Visual suggestion: Diagram showing proper mic placement for lavaliers and shotgun mics.

Setting Up a Wireless Lavalier (The Right Way)

Gear you’ll need:

The process:

  1. Check your gear before the subject arrives. Batteries charged? Transmitter and receiver paired? Audio levels visible? Do this before anyone sits down.
  2. Hand the disconnected transmitter to your subject. Give them the belt pack and ask them to clip it to their belt or put it in a pocket. Don’t make them feel like a science experiment.
  3. Thread the mic cable discreetly. Run the cable up inside their shirt so it exits near the collar. If they’re wearing a button-up, thread it between buttons. Clip the mic 6-8 inches below their chin, angled up toward their mouth.
  4. Hide the cable. Any visible cable between the mic and the transmitter looks amateur. Tuck it out of frame. Always.
  5. Warn them about chest thumping. “Try not to hit your chest—it’ll sound like a bass drum on the recording.” People laugh, but they remember.
  6. Monitor with headphones. Listen for rustle, check levels (aim for -12dB to -6dB), and do a quick test: “Tell me what you had for breakfast.”

The 3:1 Rule for Multiple Lavs:

If you’re mic’ing two people with lavs in the same space, follow the 3:1 rule: the second mic should be at least three times farther from the first person as the first mic is from that person. This minimizes phase cancellation and keeps your audio clean. For most sit-down two-person interviews, this happens naturally with proper spacing.

Setting Up a Shotgun Mic (The Right Way)

Gear you’ll need:

The process:

  1. Set up the stand before your subject arrives. Position it to the side and slightly in front of where they’ll sit. Extend the boom so the mic hangs about 12-18 inches above and in front of their head, angled down at a 45-degree angle toward their mouth.
  2. Secure everything. Weight the base with sandbags. Gaff tape the XLR cable to the floor so nobody trips.
  3. Check your levels. Have someone sit in the chair and talk. Adjust mic height and angle. Listen on headphones. If you hear too much room tone or echo, move the mic closer or add sound blankets to dampen reflections.
  4. Record room tone. Before the interview starts, hit record for 30-60 seconds of silence. You’ll thank yourself in the edit when you need to smooth transitions or cover gaps.
  5. Stay aware of the boom shadow. If you’re using artificial light, watch that the mic or boom pole doesn’t cast a shadow on your subject.
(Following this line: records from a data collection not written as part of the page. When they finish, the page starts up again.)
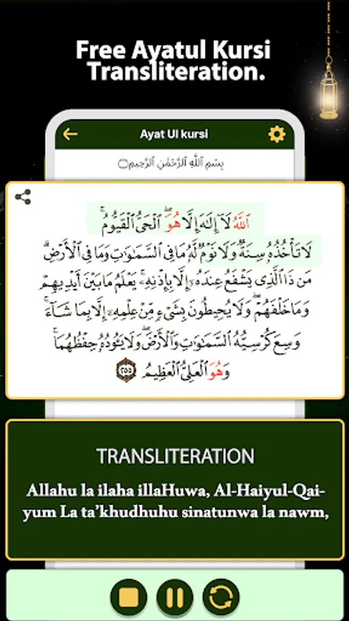 ★Aytul Kursi Transliteration: Read and learn ayat al kursi in English transliteration of Arabic ayatul kursi dua on Islamic dua app.
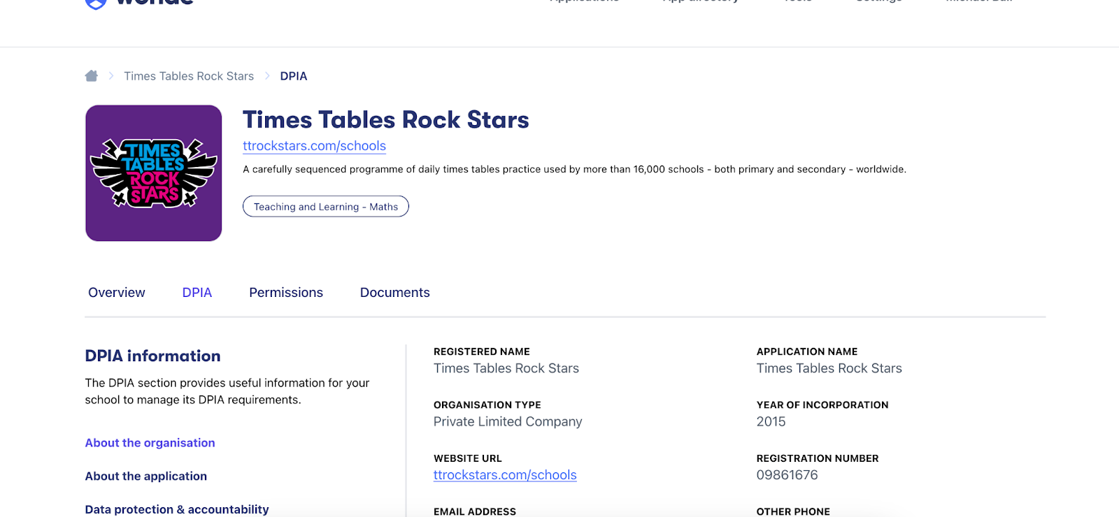 To support your decision-making process when purchasing an app, you can review an application’s data and security policies and information from within the application directory.
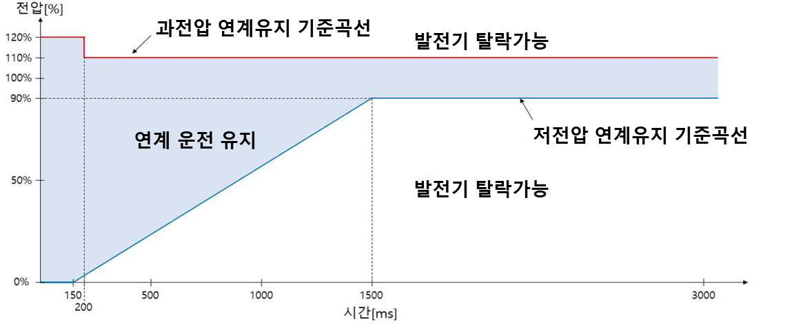 그림 3은 전압 변동 시 연계 유지기능 범위를 정의하고 있으며, 전압이 0이 되어도 계통과 즉시 분리하지 않고 150 ms 연계 유지, 1.1 pu 초과
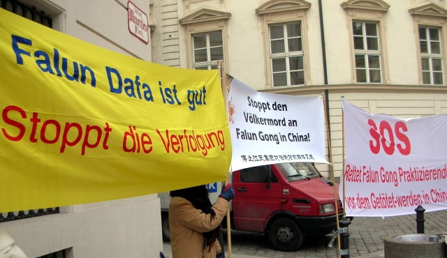 法轮功学员分别在奥地利外交部门外和中国代表团车队要经过的路边,举起横幅并展示祥和的功法。
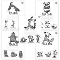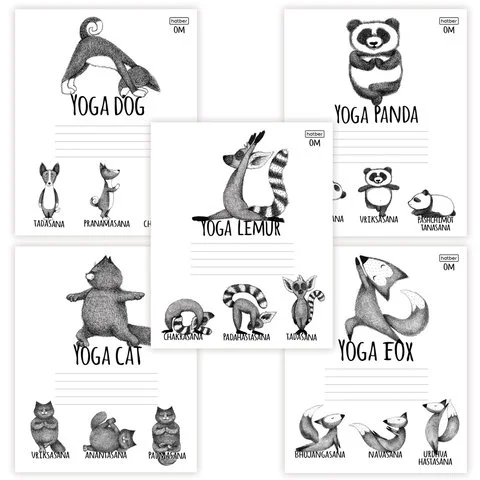 Тетрадь 24 л., HATBER, клетка, обложка картон, 'Animals Yoga' (5 видов), 24Т5В1
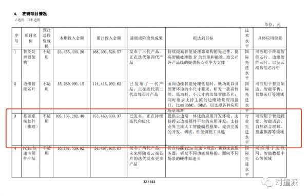 寒武纪研发的项目一共有8个,包括芯片架构、云端和边缘端芯片、推理和训练系统、硬件平台和加速卡等产品。
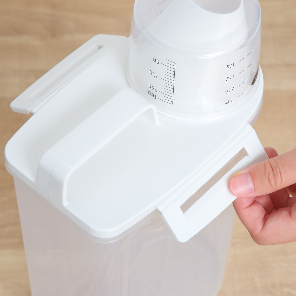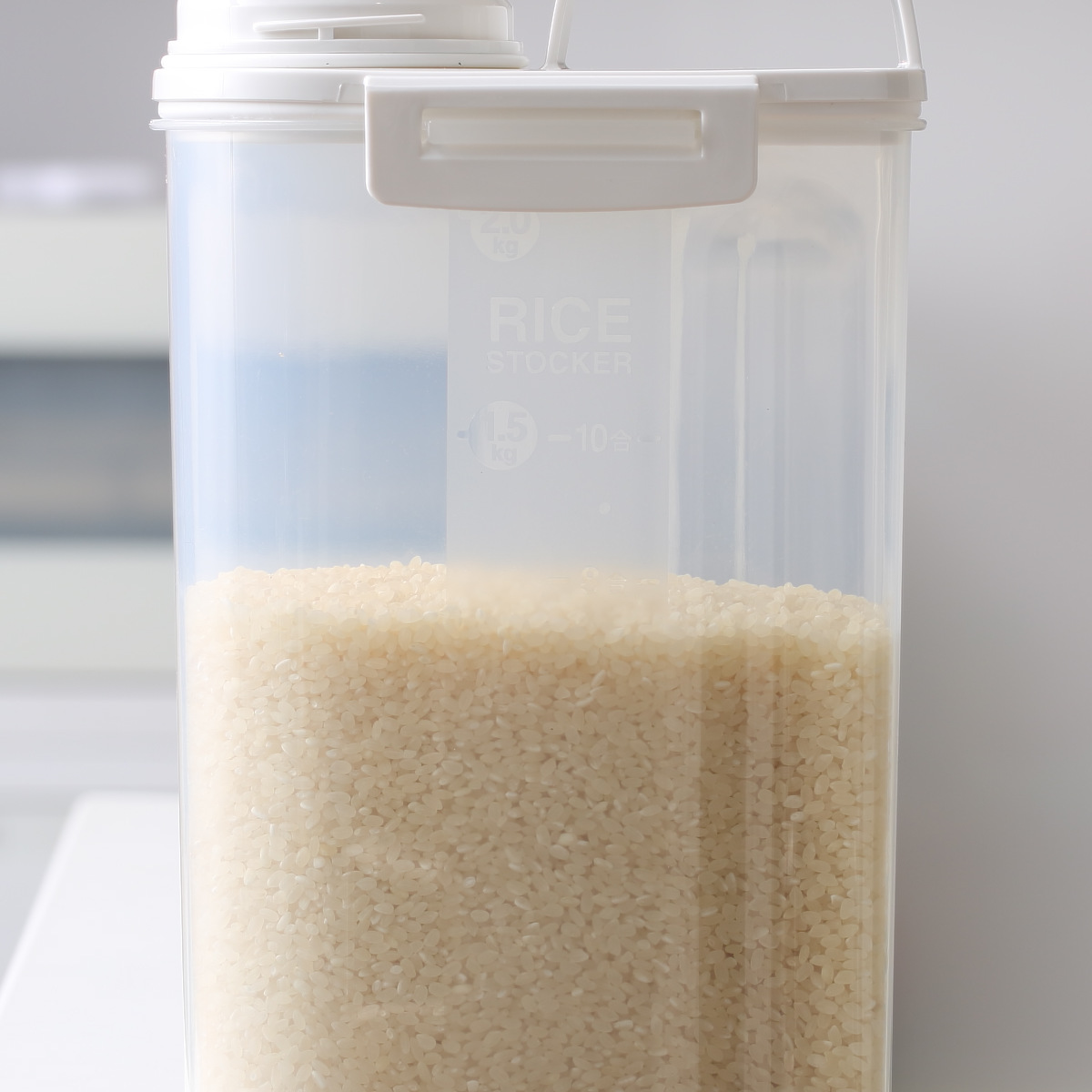 ケースは透明なのでお米の残量が一目で分かります。中の状態が見えることで、買い足しのタイミングがわかりやすく、買い忘れ防止にも繋がります。
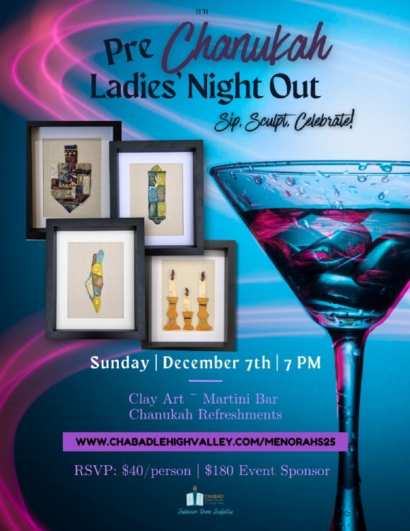 Join us for a Pre-Chanukah Ladies Night! Menorahs and Martinis is always one of our most popular women's events - Don't miss it!
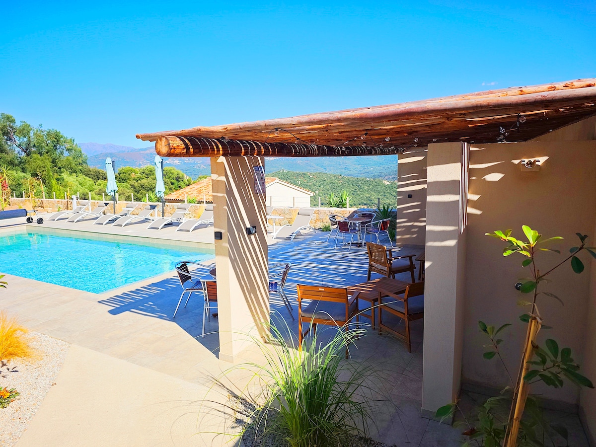 Im Herzen der Macchia, eingebettet auf einem Hügel mit herrlichem Meerblick, verfügt diese kleine charmante Residenz über 5 schöne Apartments mit Terrassen, die auf zwei Villen verteilt sind. Maximal zwanzig Personen haben Zugang zu diesem privilegierten Ort, der sich auf dem Gebiet der Elahen Hirsche (endemische Art) und der Rotmilane befindet. Die Apartments bieten luxuriöse Dienstleistungen (großer beheizter Gemeinschaftspool, SPA, Sauna).
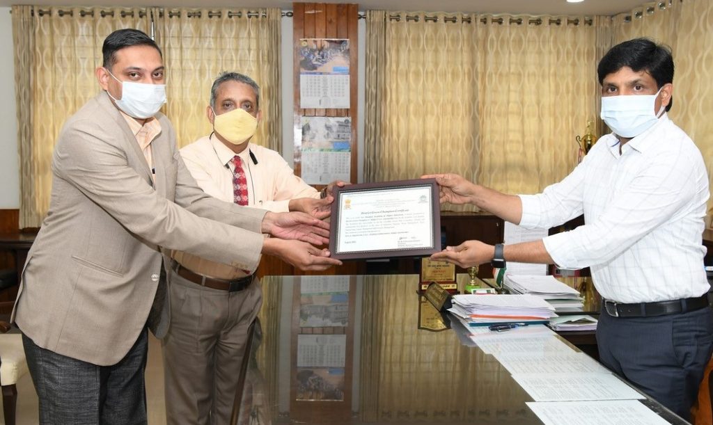 Col Prakash Chandra, Director – General Services, MAHE, and Mr Derrick Ian Joshua, Assistant Director, Environment sustainability – MAHE, received the certificate on behalf of MAHE from the Deputy Commissioner – Udupi on 17 Aug 2021
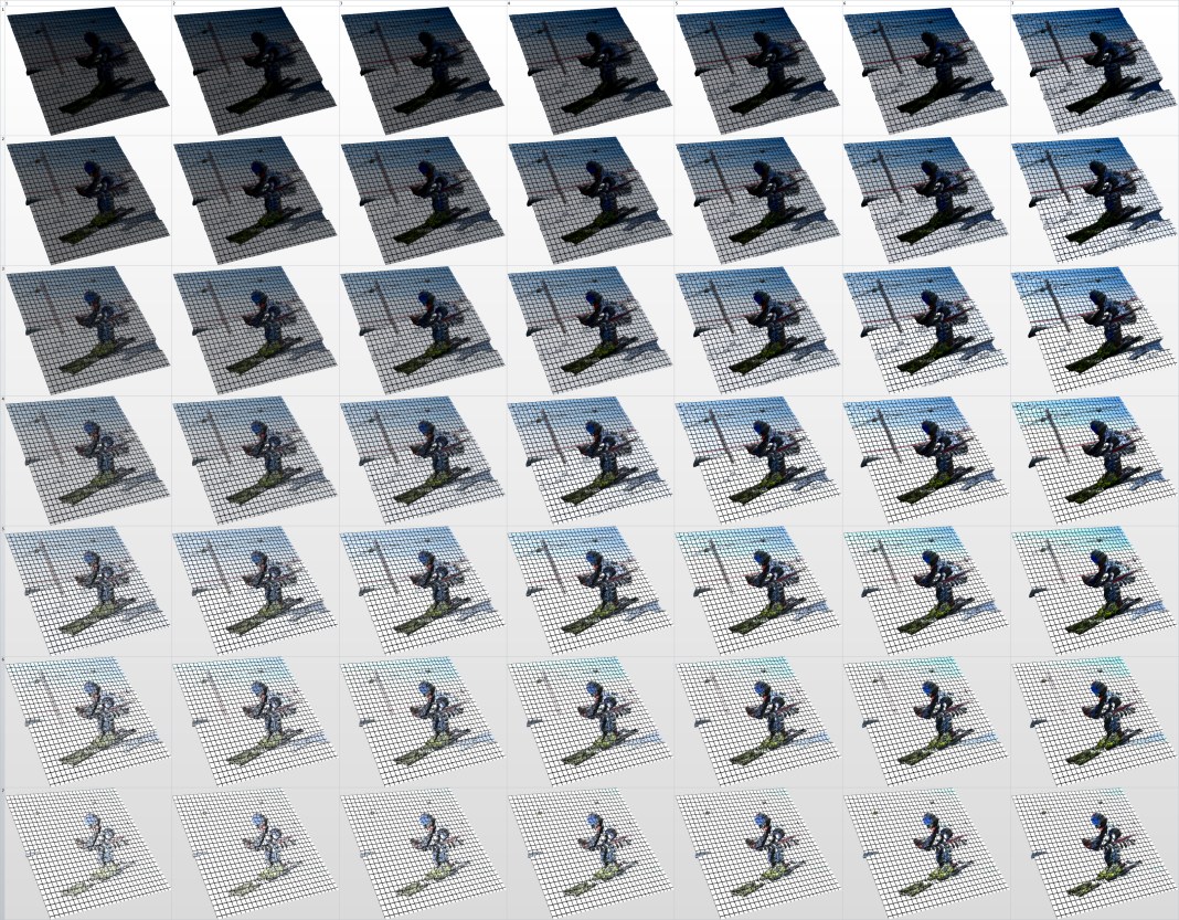 The final series iterates through contrast and brightness changes. The contrast, which varies from left to right, changes the slope and the range whereas the brightness from top to bottom the overall elevation.
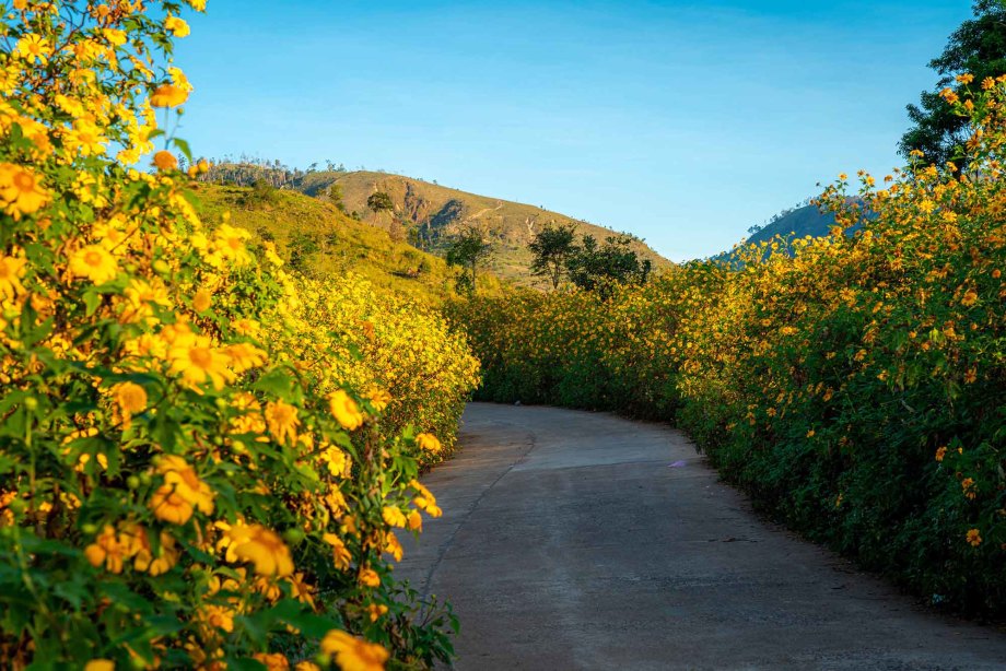 달랏은 초가을이며 건조한 계절이 시작되는 시기예요. 따뜻한 햇빛에 의해 이 유명한 꽃의 밝은 노란색이 더욱 아름답게 빛나요. 이 때에는 사람들이 함께 꽃 구경을 하기 위해 모이고 짜뀌 꽃 길이나 하나의 언덕에서 찍은 사진들을 볼 수 있어요.
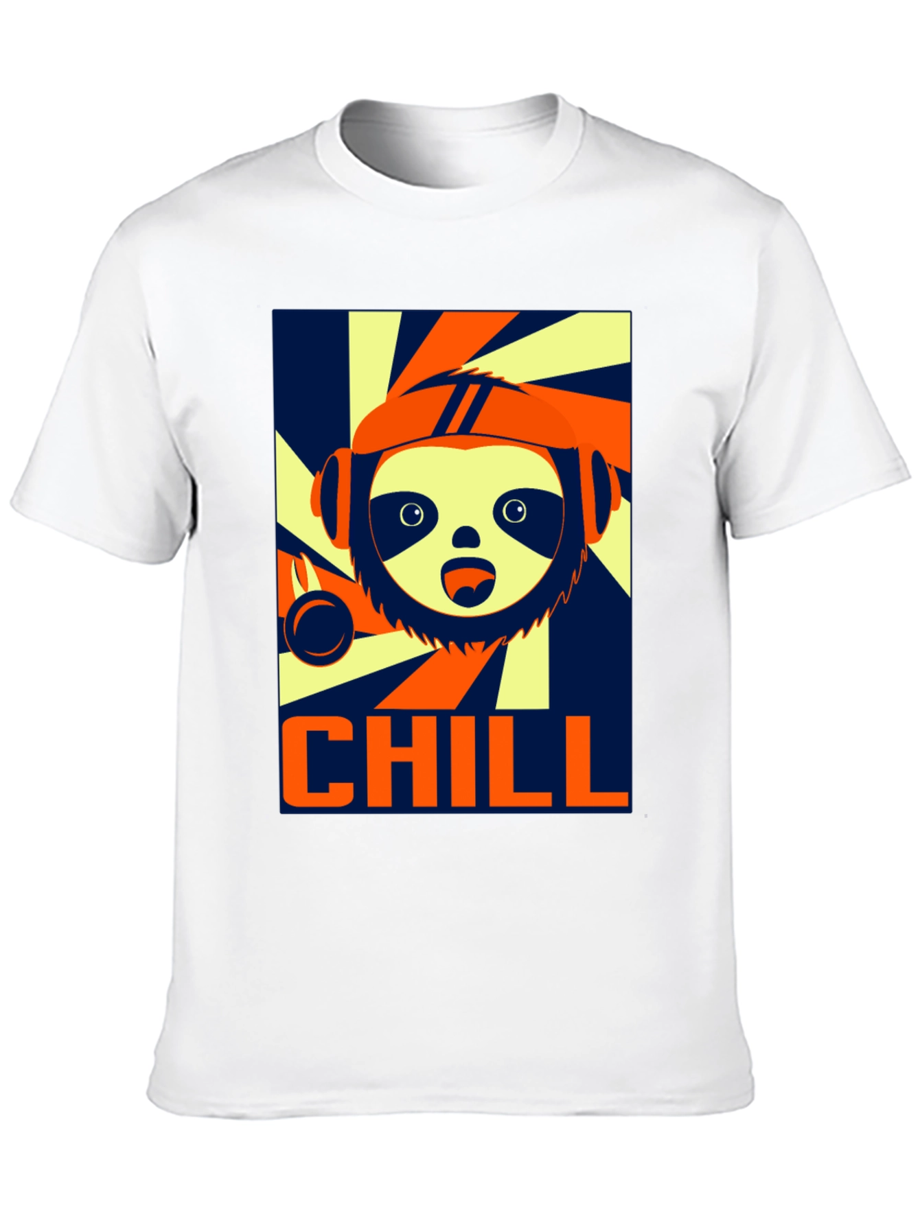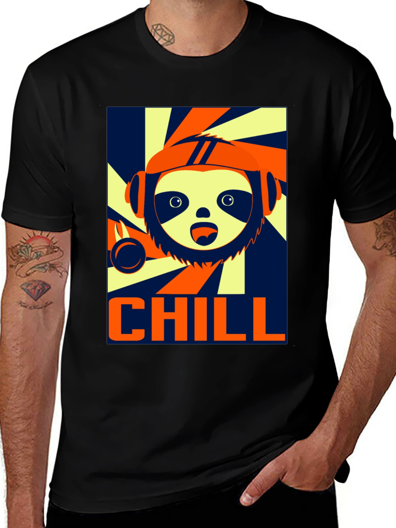¡Relájate con estilo! Esta camiseta negra presenta un diseño moderno y llamativo de un perezoso con audífonos, perfecto para los amantes de la música y el buen humor. La palabra 'CHILL' impresa debajo del diseño refuerza el mensaje relajado. Ideal para usar en casa, salir con amigos o simplemente para expresar tu personalidad relajada y divertida. Fabricada con materiales suaves y cómodos, esta camiseta es perfecta para el uso diario. Añade un toque único y desenfadado a tu guardarropa con esta prenda que seguro llamará la atención.
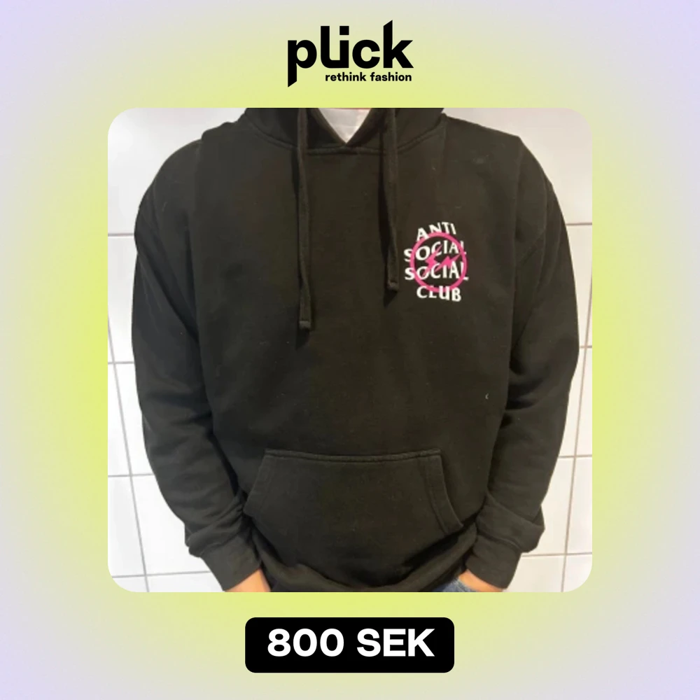 Säljer en svart hoodie från Anti Social Social Club. Den har en stor logga i vitt och rosa både fram och bak. Perfekt för en avslappnad stil och att hålla sig varm. Den har en klassisk känguruficka och justerbar huva med snören.

Pro tip: The Sennheiser MKH 416 is the industry standard for a reason—super-cardioid pattern, incredible rejection of off-axis sound, and reliable as hell. If it’s out of your budget, the Audio-Technica AT875R is a solid alternative at half the price.

The Belt-and-Suspenders Approach: Use Both

On bigger projects (or interviews you cannot afford to screw up), run both a lav and a shotgun. The lav is your primary. The shotgun is your backup. Or mix them in post for the best of both—lav for intimacy, shotgun for clarity.

During “The Second Climb,” our subject’s lav battery died halfway through the interview. We didn’t know until we checked files later. Thank god for the shotgun. Saved the project.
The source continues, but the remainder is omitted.